A Voice Activity Detector rust library using the Silero VAD model.

Overview

Voice Activity Detector

Provides a model and extensions for detecting speech in audio.

Standalone Voice Activity Detector

This crate provides a standalone Voice Activity Detector (VAD) which can be used to predict speech in a chunk of audio. This implementation uses the Silero VAD.

The VAD predicts speech in a chunk of Linear Pulse Code Modulation (LPCM) encoded audio samples. These may be 8 or 16 bit integers or 32 bit floats.

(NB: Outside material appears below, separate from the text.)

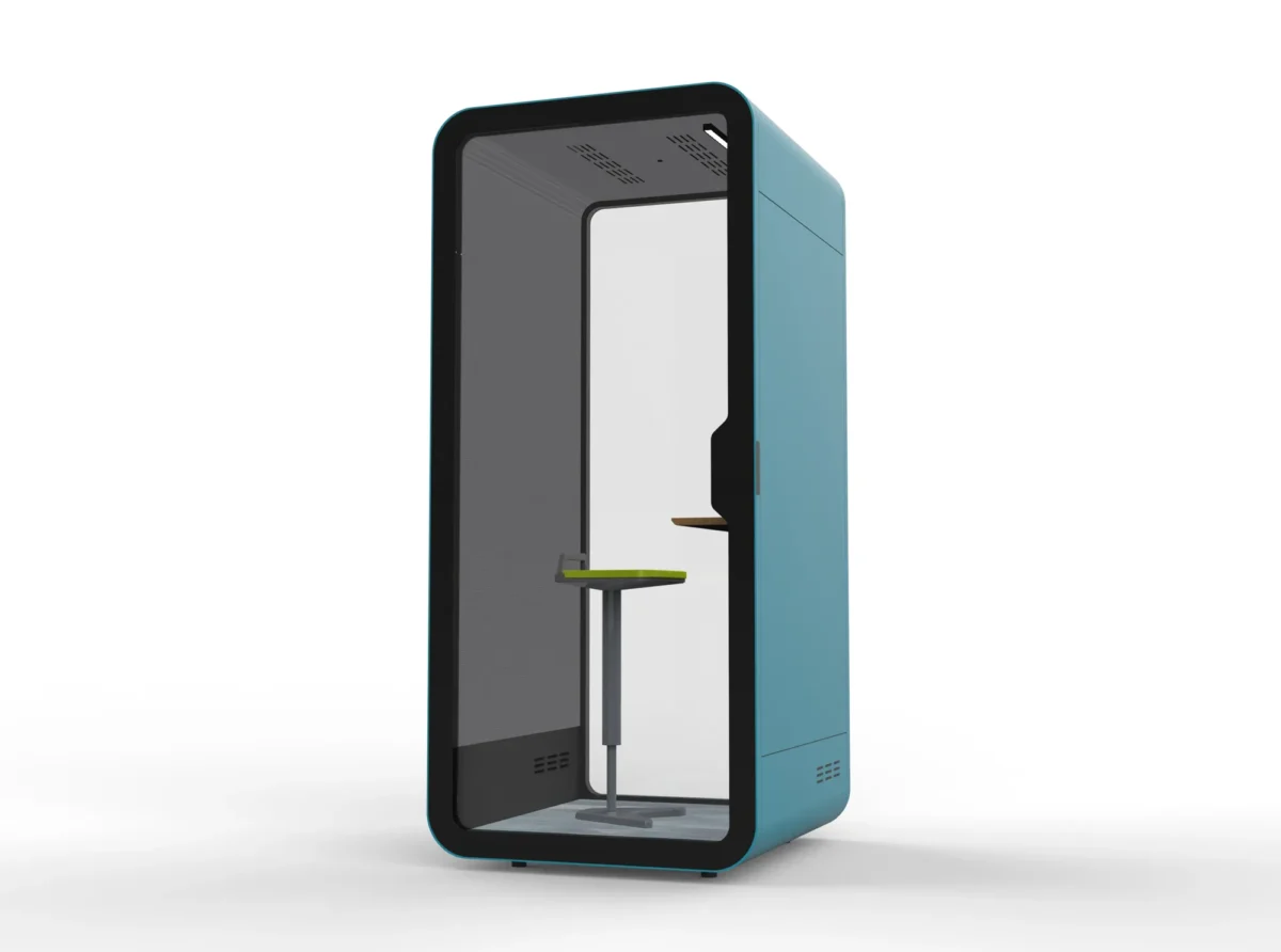 Soundproof to 31 decibels Wheelable castors Height-adjustable desk ECO-conscious materials Ambient lighting Fresh continuous flow of air Can be branded (vinyl wrapped) Motion sensors Space saving Self-closing door

The model is trained using chunk sizes of 256, 512, and 768 samples for an 8000 hz sample rate. It is trained using chunk sizes of 512, 768, 1024 samples for a 16,000 hz sample rate. These values are recommended for optimal performance, but are not required. The only requirement imposed by the underlying model is the sample rate must be no larger than 31.25 times the chunk size.

The samples passed to predict will be truncacted or padded if they are not of the correct length.

fn main() -> Result<(), voice_activity_detector::Error> {
    use voice_activity_detector::{VoiceActivityDetector};

    let chunk = vec![0i16; 512];
    let mut vad = VoiceActivityDetector::builder()
        .sample_rate(8000)
        .chunk_size(512usize)
        .build()?;
    let probability = vad.predict(chunk);
    println!("probability: {}", probability);

    Ok(())
}

Extensions

Some extensions have been added for dealing with streams of audio. These extensions have variants to work with both Iterators and Async Iterators (Streams) of audio samples. The Stream utilities are enabled as part of the async feature.

Predict Iterator/Stream

The PredictIterator and PredictStream work on an iterator/stream of samples, and return an iterator/stream containing a tuple of a chunk of audio and its probability of speech. Be sure to use the IteratorExt and StreamExt traits to bring the predict function on iterators into scope.

fn main() -> Result<(), voice_activity_detector::Error> {
    use voice_activity_detector::{IteratorExt, VoiceActivityDetector};

    let samples = [0i16; 512000];
    let vad = VoiceActivityDetector::builder()
        .sample_rate(8000)
        .chunk_size(512usize)
        .build()?;

    let probabilities = samples.into_iter().predict(vad);
    for (chunk, probability) in probabilities {
        if probability > 0.5 {
            println!("speech detected!");
        }
    }
    Ok(())
}

Label Iterator/Stream

The LabelIterator and LabelStream also work on an iterator/stream of samples. Rather than returning just the probability of speech for each chunk, these return labels of speech or non-speech. This helper allows adding additional padding to speech chunks to prevent sudden cutoffs of speech.

  • threshold: Value between 0.0 and 1.0. Probabilties greater than or equal to this value will be considered speech.
  • padding_chunks: Adds additional chunks to the start and end of speech chunks.
fn main() -> Result<(), voice_activity_detector::Error> {
    use voice_activity_detector::{LabeledAudio, IteratorExt, VoiceActivityDetector};

    let samples = [0i16; 51200];
    let vad = VoiceActivityDetector::builder()
        .sample_rate(8000)
        .chunk_size(512usize)
        .build()?;

    // This will label any audio chunks with a probability greater than 75% as speech,
    // and label the 3 additional chunks before and after these chunks as speech.
    let labels = samples.into_iter().label(vad, 0.75, 3);
    for label in labels {
        match label {
            LabeledAudio::Speech(_) => println!("speech detected!"),
            LabeledAudio::NonSpeech(_) => println!("non-speech detected!"),
        }
    }
    Ok(())
}

More Examples

Please see the tests directory for more examples.

Limitations

The voice activity detector and helper functions work only on mono-channel audio streams. If your use case involves multiple channels, you will need to split the channels and potentially interleave them again depending on your needs.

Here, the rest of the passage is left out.